シナリオ面では、百貨店という舞台にネガティブな印象を与えないよう、事件性のあるわかりやすい恐怖描写はあえて避け、「リミナルスペース」という、どこかで見たことがあるような既視感を伴う空間の概念を取り入れたとも話す。百貨店が来店客にとって晴れの場であり、思い出の詰まった場所であることも踏まえ、懐かしさと不気味さを両立させることにこだわったという。大丸松坂屋百貨店側からは、血など過激な表現を避けてほしいという要望があった一方で、キラキラした百貨店の「裏側」を覗くような感覚を出すため、婦人服売り場をあえて現代的でない時代設定にするなど、異世界感の演出を工夫したとしている。ジャンプスケア(驚かせる演出)が苦手な体験者が増えている状況を踏まえ、驚かせる演出は控えめにとどめたことも明かした。企画自体は約1年前から進んでいたが、シナリオが本格的に固まってからの制作期間は3~4カ月だったという。

濱田 瑠衣さん(株式会社闇 ディレクター)
4. まとめ
「迷界デパート」の面白さは、百貨店という商業空間そのものをコンテンツの舞台にしてしまった発想にある。大丸松坂屋百貨店にとっては非日常体験を提供してきた百貨店の歴史をXRで更新する試みであり、日本XRセンターにとっては単体型ヘッドセットによるロケーション型XRの進化を体現する場、闇にとっては百貨店という制約の中でホラー表現のさじ加減を突き詰める挑戦——それぞれの立場から見え方が変わるのも、この企画の面白いところだ。
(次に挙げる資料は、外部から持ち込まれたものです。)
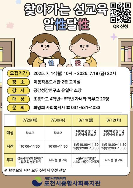 ‘알성달성’은 부모와 자녀가 함께 참여하는 찾아가는 성교육 프로그램으로, 오는 7월 29일부터 8월 12일까지 총 6회기에 걸쳐 이동도서관에서 진행된다. 성에 대한 올바른 이해를 바탕으로 건강한 가족 소통을 도모하기 위해 기획했다.
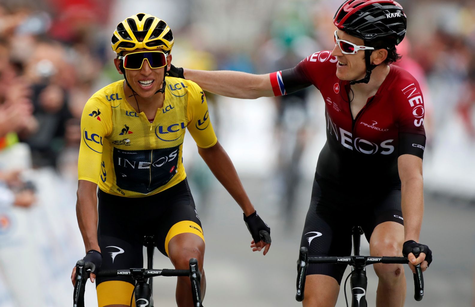 Team Ineos rider Egan Bernal of Colombia celebrates as he finishes with team mate Geraint Thomas of Britain.
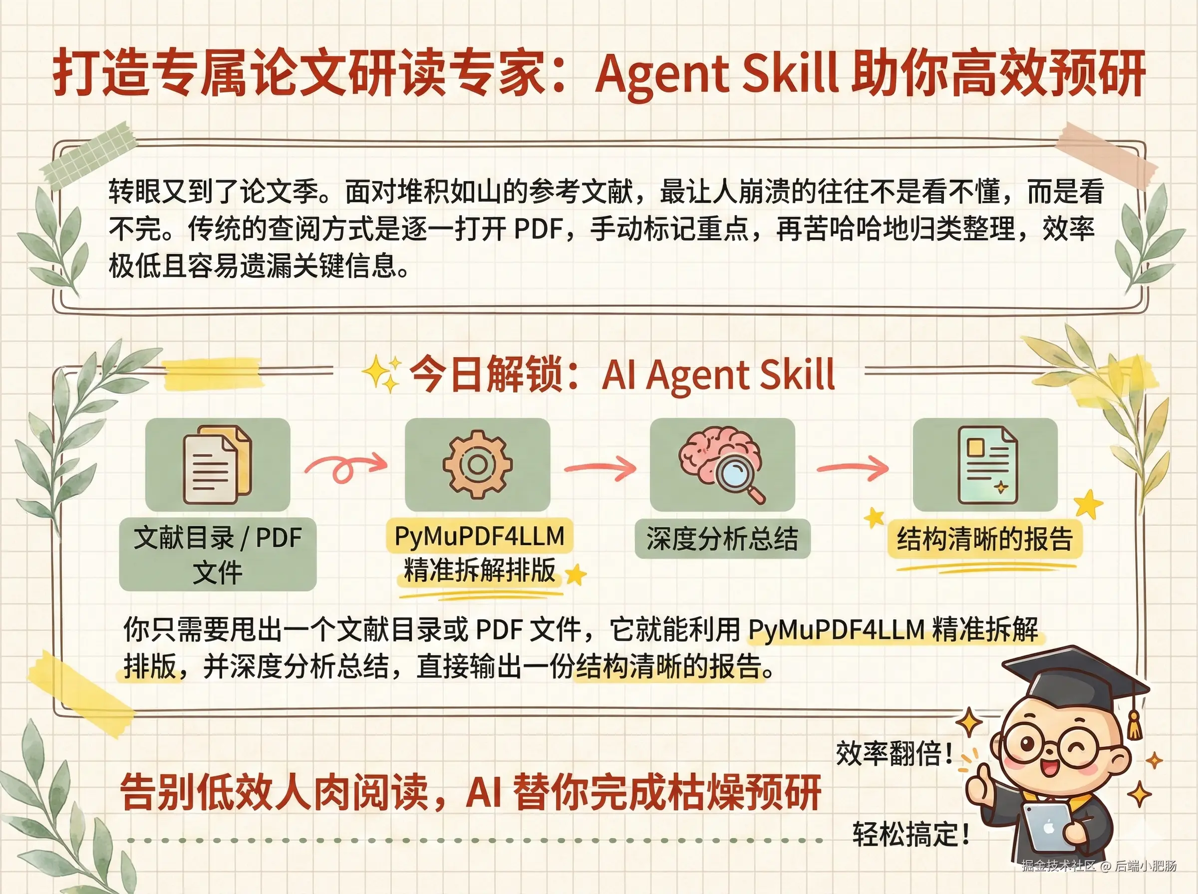 本文我们将开发一个 Agent Skill,利用 PyMuPDF4LLM 精准拆解 PDF 论文后调用 AI 深度分析总结。你只需提供文件,它便能自动输出结构化报告,告别低效的人肉阅读,让 AI 替你完成最枯燥的预研工作。
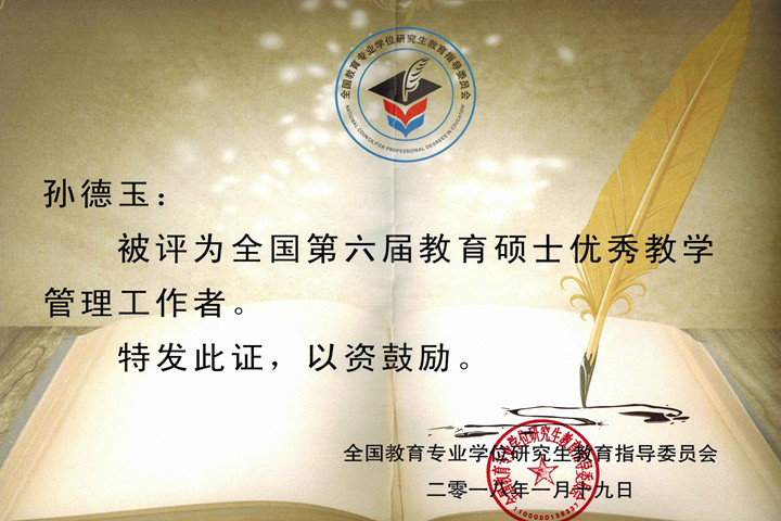 葛金国、孙德玉两位老师长期以来注重硕士研究生培养质量。此前两位老师曾多次获得省部级以上荣誉。葛金国老师曾获“全国首届教育硕士优秀教师”称号,2010年再获“全国教育硕士专业学位优秀教师”称号。指导的研究生论文多次获评省级、国家级优秀论文。孙德玉老师曾作为教育硕士教育管理方向负责人、教育史二级学科硕士点点长先后被安徽省教育厅授予“安徽省家庭教育十佳园丁”,被教育部、全国妇联授予“全国家庭教育工作园丁”称号,获“安徽省家庭教育十佳先进工作者”称号。他是三尺讲台上循循善诱的引导者、科研领域孜孜不倦的学者,同时还是家长、同行眼中优秀的教育工作者。葛金国、孙德玉两位老师此次受到表彰充分说明了全国教育专业学位研究生教育指导委员会对两位老师工作的肯定。
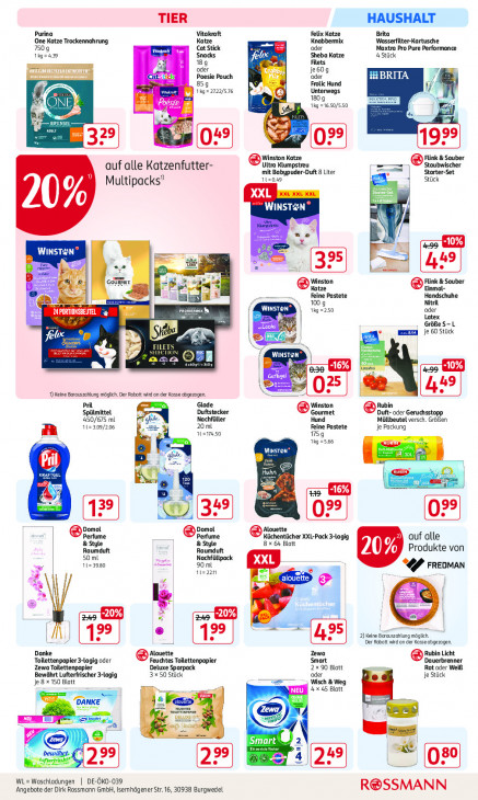 Bitte beachten Sie, dass dieser Text automatisch generiert wird und möglicherweise Fehler enthältTIER HAUSHALT Purina Vitakraft Felix Katze Brita One Katze Trockennahrung Katze Knabbermix Wasserfilter-Kartusche 7509 ” Cat Stick oder Maxtra Pro Pure Performance 1ig=40 re Snacks fe Sheba Katze 4 Stück 189 5 Filets Dee À. oder je60g Genel ek ds Poesie Pouch (er oder 8BRIIA 859 Frolic Hund Vito 1ig=2722/576 Unterwegs M Ris 1809 i ne tig =16.50/550 bl A ES = Fr Ne ds ‚Winston Katze Flink & Sauber -— Staubwischer auf alle Katzenfutter- Ultra Klumpstreu mn Starter-Set 112049 mit Babypuder-Duft 8 Liter ak. Stück > XXL % Multipacks” WINSTN y \ = -10% WINS: =. En el en IEN Á DE) u 4.9 D pel ee re -®) GOURMET Winston Flink & Sauber PE Katze Einmal- = ER Feine Pastete Handschuhe au 100 g Nitril A PORTIONSBEUTEL oder Pi QT Latex " ous Größe s-L ei | Br | 19 =250 Ts u je 60 Stück fete, Cas ei [ T Per ae Ee WINS >} ET | ER -16% -10% CRE 25 mei 4.9 9) eine Borauszohlung möglich. Der Rabatt wirdan der Kasse abgezogen. En Prik Glade Winston Rubin Duftstecker Spülmittel Gourmet Duft- oder Geruchsstopp 450/675 ml ide Nachfüller Hund Müllbeutel versch. Größen 11=309/206 20 ml Feine Pastete Je Packung 11207450 1759 Ang =5.66 U an) LOC BYE (3 ) ii GE pr ej Fa 16% PD 99 Domol Domol Alouette Perfume Perfume Küchentücher XXL-Pack 3-Lagig auf alle & Style & Style 8 x 64 Blatt Raumduft Raumduft Produkte von 50 ml 1123980 LÉ 90 mL Nachfüllpack XXL 1t=22n : 4 FREDMAN 3 alouette, 34 1% FR É- E BA “ À 249 ej a = 5 A 99 2) Keine parte möglich. El 19 Der Rabatt wird an der Kasseohgezagen. Danke Alouette Zewa Rubin Licht Toilettenpapier 3-lagig oder Feuchtes Toilettenpapier Smart Dauerbrenner Zewa Toilettenpapier Deluxe Sparpack 2x 90 Blatt Rot oder Weiß Bewährt Lufterfrischer 3-lagig 3x 50 Stück oder je Stück Wisch & Weg Le 8 x 150 Blott In NEU 4 «45 Batt Ze NT D a in ME. ae rm Wa + ee Smart ë, \ à s Lier WL=Woschlodungen | DE-ÖKO-039 ‚Angebote der Dirk Rossmann GmbH, Isernhägener Str. 16, 30938 Burgwedel R@SSMANN

内覧会のコメントを見ても、VRやXR体験自体が初めてという参加者が多かったにもかかわらず、「自由に歩ける」操作感の新鮮さや、音・映像のディテールが生む没入感には共通して驚きの声が上がっていた。普段づかいしている百貨店という入りやすい場所で非日常が味わえる、という体験のハードルの低さも見逃せないポイント。大丸グループ内外の商業施設への展開可能性にも前向きな言及があっただけに、遊休スペース活用やロケーション型XRの事例として、今後の展開にも注目したい。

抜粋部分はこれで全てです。